Wednesday, March 30, 2016

#2,053. Shadows (1922)


Directed By: Tom Forman

Starring: Lon Chaney, Marguerite De La Motte, Harrison Ford



Tag line: "The Greatest Story Ever Told in Motion Pictures"

Trivia: This movie was adapted from a story titled Ching Ching Chinaman by Wilbur Daniel Steele







Shadows is a difficult film to review. On the one hand, it features the great Lon Chaney, who delivers yet another impressive performance. Unfortunately, the character he’s portraying, a Chinese man named Yen Sin, is, in many ways, a stereotype. If you accept the movie as a product of its time, there’s a good chance you’ll come away impressed, if not with the story itself (which is a tad slow, and too melodramatic), then definitely with Chaney (his Yen Sin is one of the most sympathetic individuals in the movie, not to mention the wisest). Just be prepared to cringe at some of the title cards whenever his character “speaks”.

In the fishing village of Urkey, situated on the coast of Maine, there lives a kind, sensitive young woman named Sympathy Gibbs (Marguerite De La Motte), whose husband Daniel (Walter Long) mistreats her horribly. The town’s most prestigious citizen, Nate Snow (John St. Polis), is secretly in love with Sympathy, and despises the way the brutish Daniel takes out his frustrations on her. One night, shortly after Daniel and his fellow fishermen have headed out to sea, a fierce storm rolls in, and when the sun comes up the next morning, the good people of Urkey, including Sympathy, are met with the devastating news that their loved ones did not survive the ordeal. In fact, only a handful of men made their way back to land, one of whom was Chinese immigrant Yen Sin (Chaney), whose ship was destroyed in the storm. Despite being tormented by the locals for his “heathen” beliefs, Yen Sin settles down in Urkey, and quickly gets a job cleaning clothes.

Seizing the opportunity, Nate Snow tries to cozy up to the recently-widowed Sympathy, only to be upstaged by new minister John Malden (Harrison Ford, though obviously not ‘that’ Harrison Ford). Making it his personal mission to convert Yen Sin to Christianity, Malden also falls head over heels in love with Sympathy, and before long the two are married. Their wedded bliss is cut short, however, when Malden learns that Daniel Gibbs may not be dead after all!

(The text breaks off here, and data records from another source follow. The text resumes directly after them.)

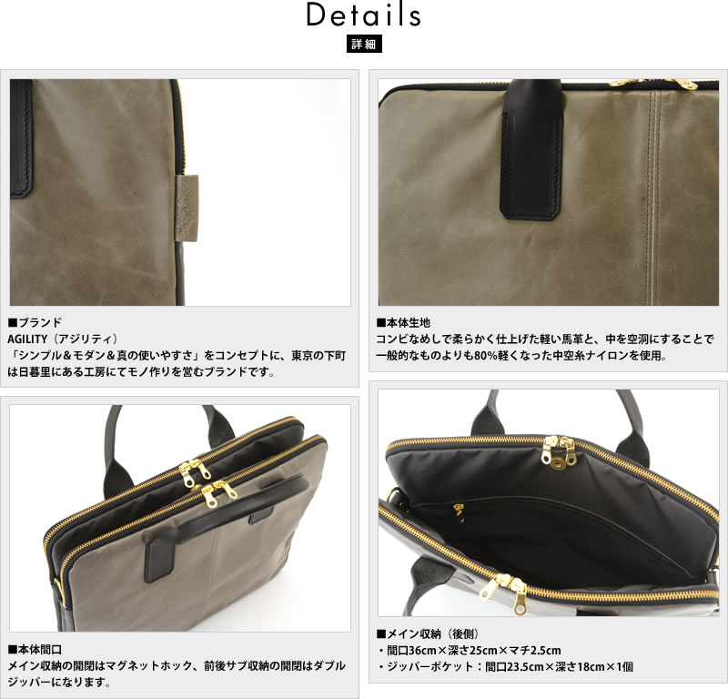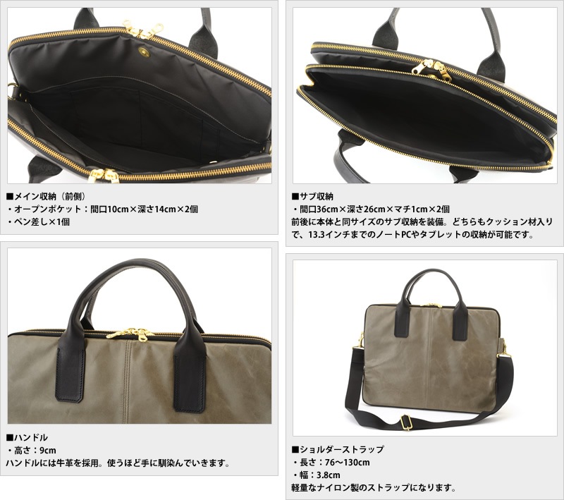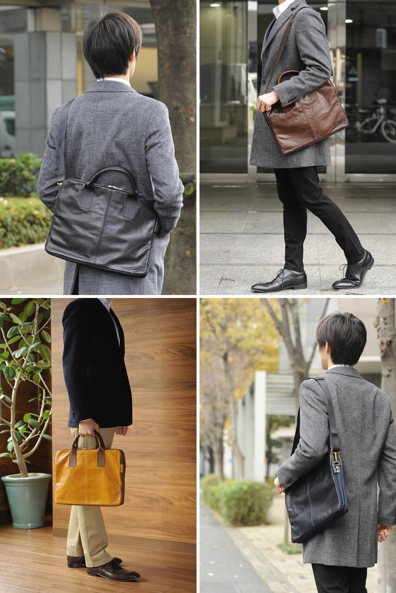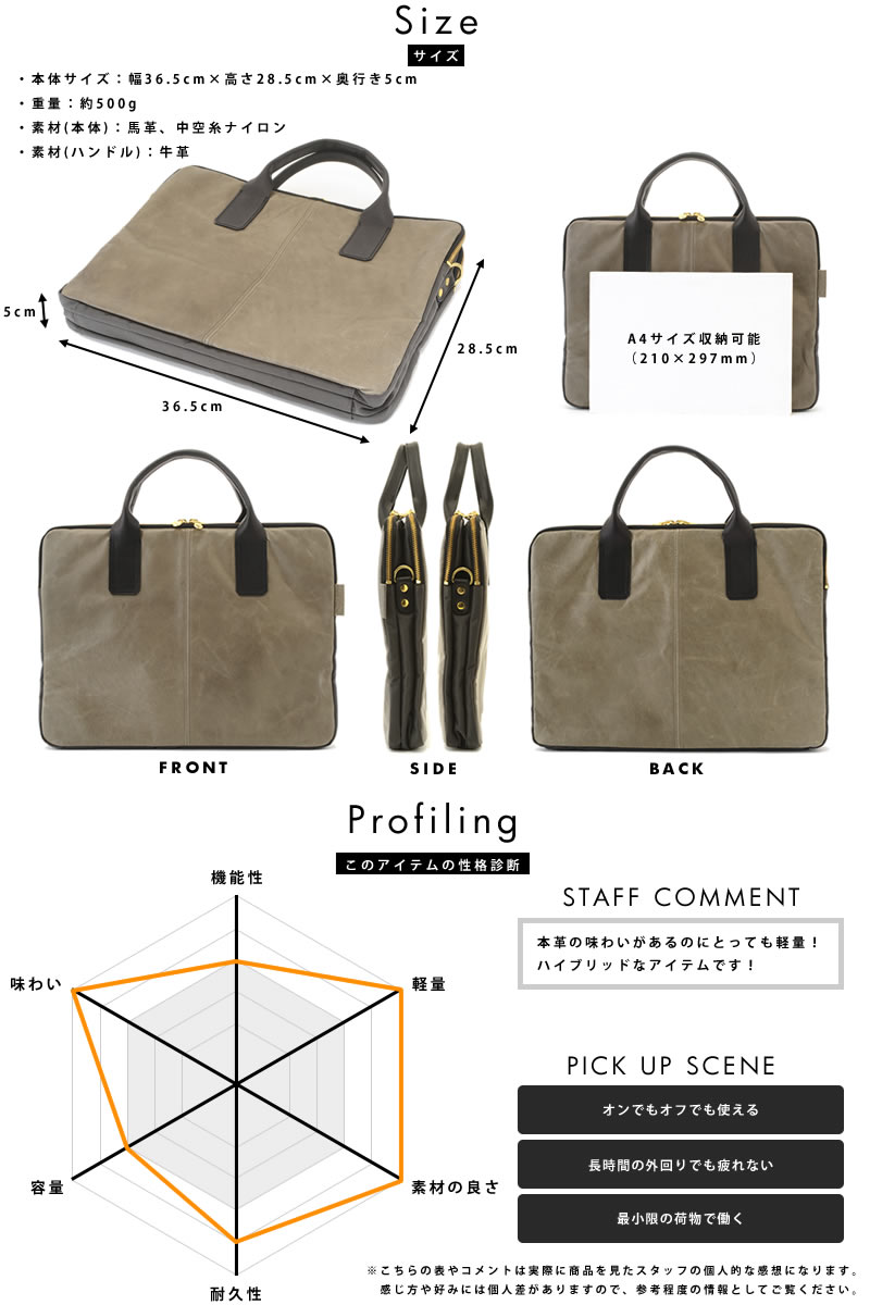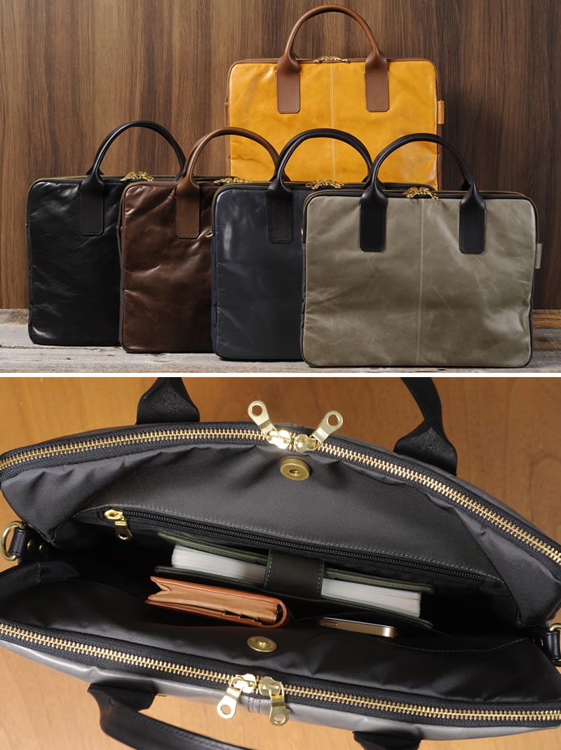 デジタル化に伴い荷物が少なくなった、現代のビジネスマンに最適なビジネスバッグ。軽量な馬革とナイロンを適材適所で使い分け、ルックスは味わい深い本革、重量はナイロンクラスと、双方のいいとこ取りを実現しています。全体のマチもかなり薄めに作られているので、身軽な通勤・外回りを叶えてくれることでしょう。A4ファイルが収められる収納を3部屋備え、書類やノートPCはもちろん、財布やスマホといった小物の整理もお手のもの。付属のショルダーストラップを取り付ければ、荷物が多いときや自転車の際も快適に使えます。
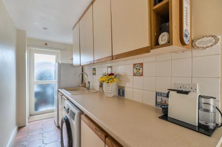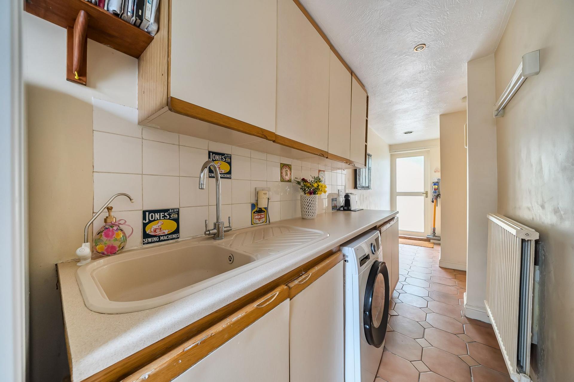 The kitchen is fitted with a good range of units and offers space for a range cooker, together with integrated fridge, dishwasher and microwave. A rear‑facing window overlooks the garden, and there is a useful utility room with space for further appliances and doors giving access to both the front and rear of the property, adding to the home’s practicality.
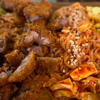 족발튀김은 엄청 바삭바삭하고 맛있어요. 같이 나오는 쫄면과 궁합이 딱맞아요.

An occasionally sappy, overly dramatic film with pacing issues, Shadows also featured the incomparable Lon Chaney, who (as he’d eventually do in both The Phantom of the Opera and The Hunchback of Notre Dame) disappears behind layers of make-up to fully embody the part of the elderly Yen Sin. Alas, Yen Sin is also a stereotypical Asian, who washes clothes for a living and mispronounces words (it took me a while to realize that “flen’ was his way of saying “friend”). It’s an unfortunate characterization, especially when you consider how strong Chaney’s performance is otherwise (from his mannerisms down to the contemplative look in his eye). As he’d do many times throughout his career, Lon Chaney made Shadows a memorable film, though in this case it was for both the right and wrong reasons.